The roller section 22 may optionally include a linear induction drive as illustrated in Figure 4 wherein a plurality of electromagnets 60 are located within or below the bottom surface 24 of the track. The electromagnets 60 act on and propel the plate 56 in the vehicle 50 in a desired direction according to commonly known methods. As illustrated in Figure 4, the use of rollers below the vehicle while the electromagnets are operating on the vehicle prevent the vehicle from being drawn downward under influence of the electromagnets to frictionally engage with the bottom surface 24 of the track thereby impeding movement of the vehicle.
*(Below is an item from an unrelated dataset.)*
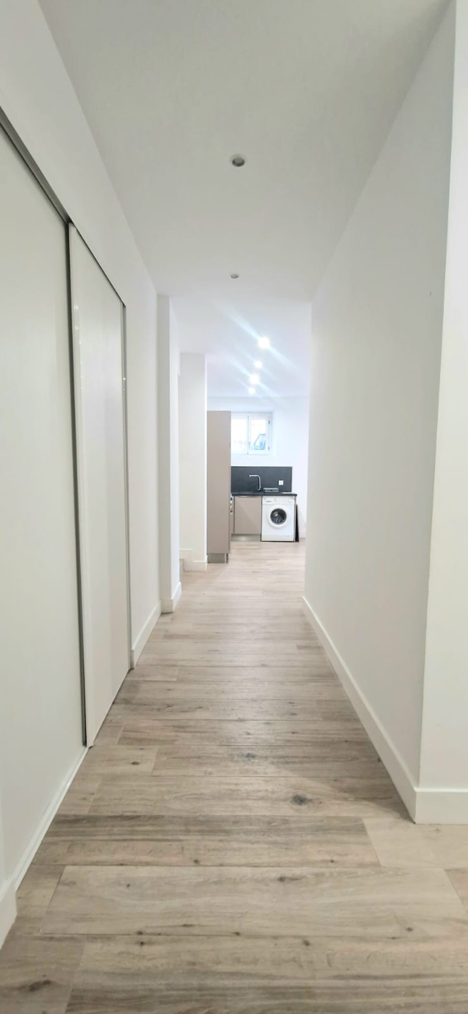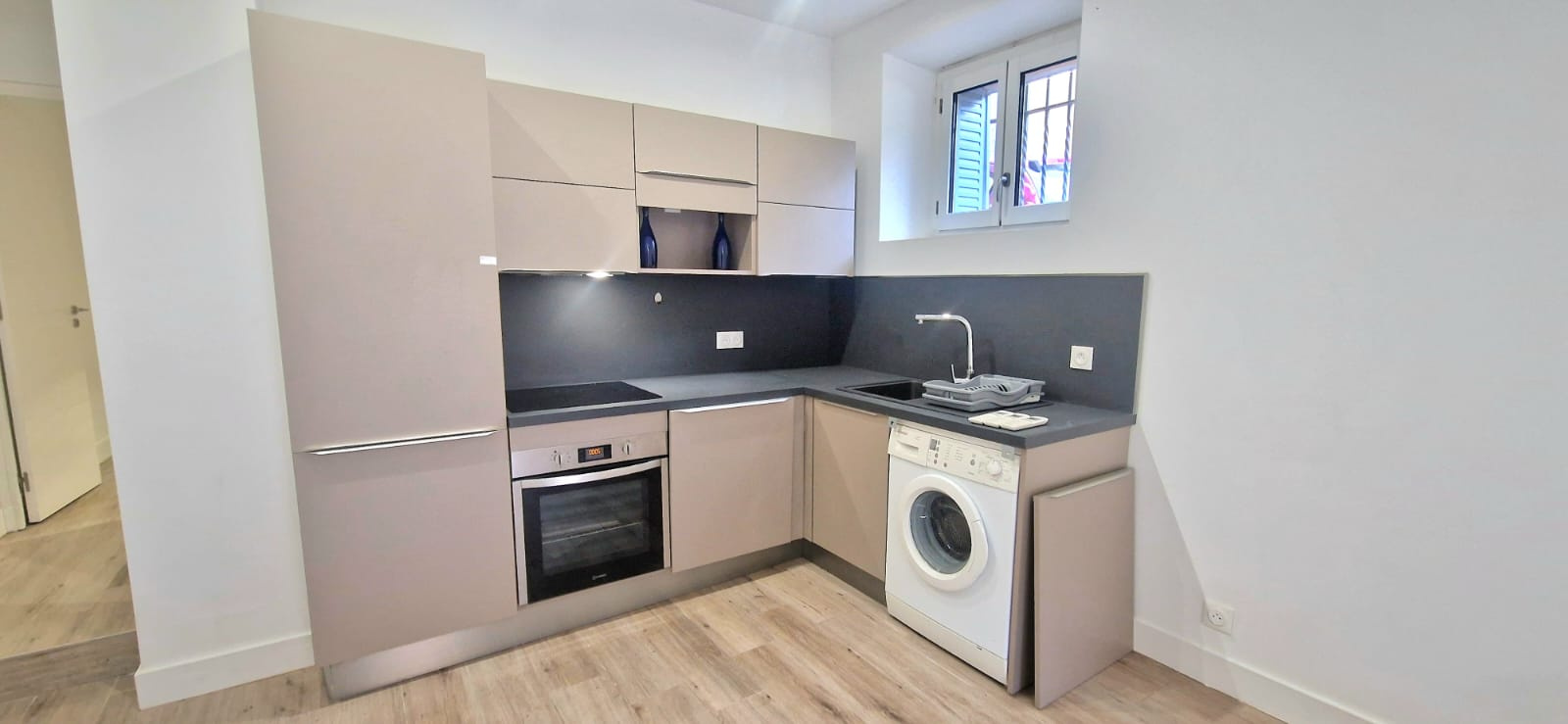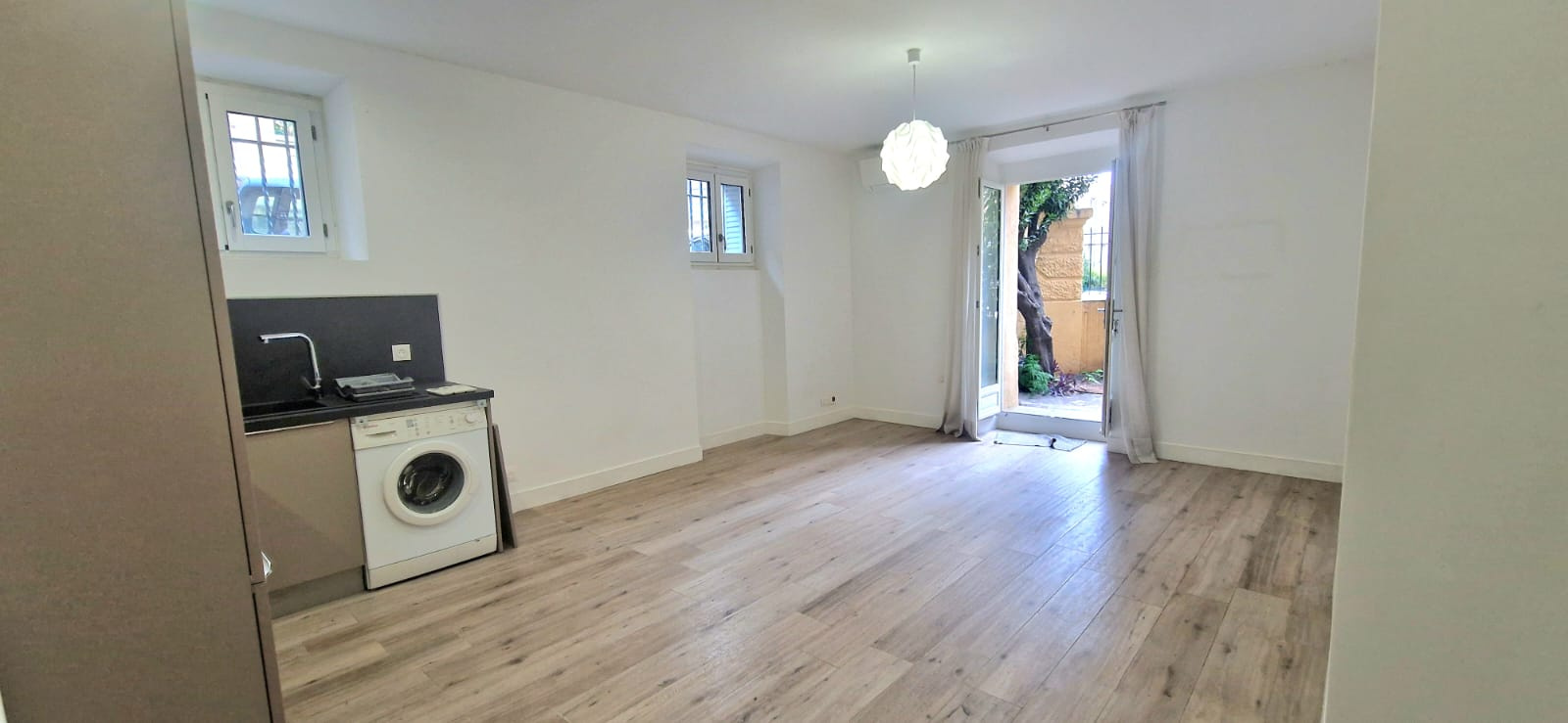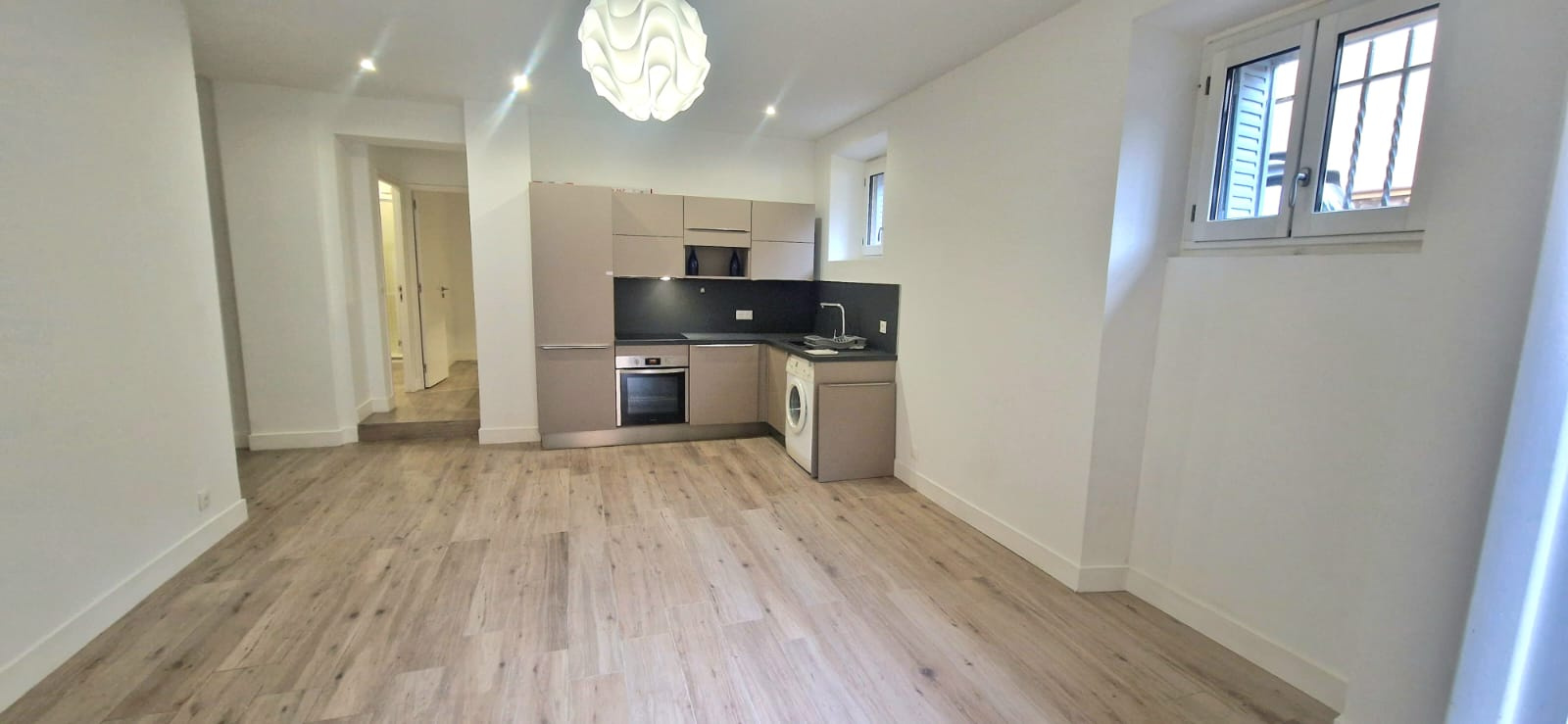 Les prestations sont de qualité : parquet bois clair, double vitrage, murs blancs, cuisine neuve, et belle hauteur sous plafond.

Turning now to Figure 6, a sliding section 70 of the track is illustrated. The track comprises a bottom running surface 72, and first and second side walls, 74 and 76, respectively. The bottom running surface 72 may be substantially flat or unobstructed to permit water and the vehicle to slidably translate thereover. It will be appreciated that the sliding section 70 will have a cross section corresponding to the roller section 22 so as to accommodate vehicles 50 of a common size therethrough. As illustrated in Figure 7 the bottom surface 72 of the sliding section 70 is shaped to permit water to flow therepast so as to provide a cushion of water, generally indicated at 78 to flow between the bottom surface 72 of the track and the bottom 54 of the vehicle in a direction generally indicated at 80. ln operation, the waterslide 10 may be formed of a plurality of roller and sliding sections to form an elongate path of travel for the waterslide. It will be appreciated that the sliding sections may be located on downhill portions of the path while the roller sections with linear induction motors may be provided at uphill portions or at other locations where the vehicle 50 is required to be propelled. A continuous flow of water may be provided along the waterslide 10 to carry the vehicle along the sliding sections 70 according to known methods. While specific embodiments of the invention have been described and illustrated, such embodiments should be considered illustrative of the invention only and not as limiting the invention as construed in accordance with the accompanying claims.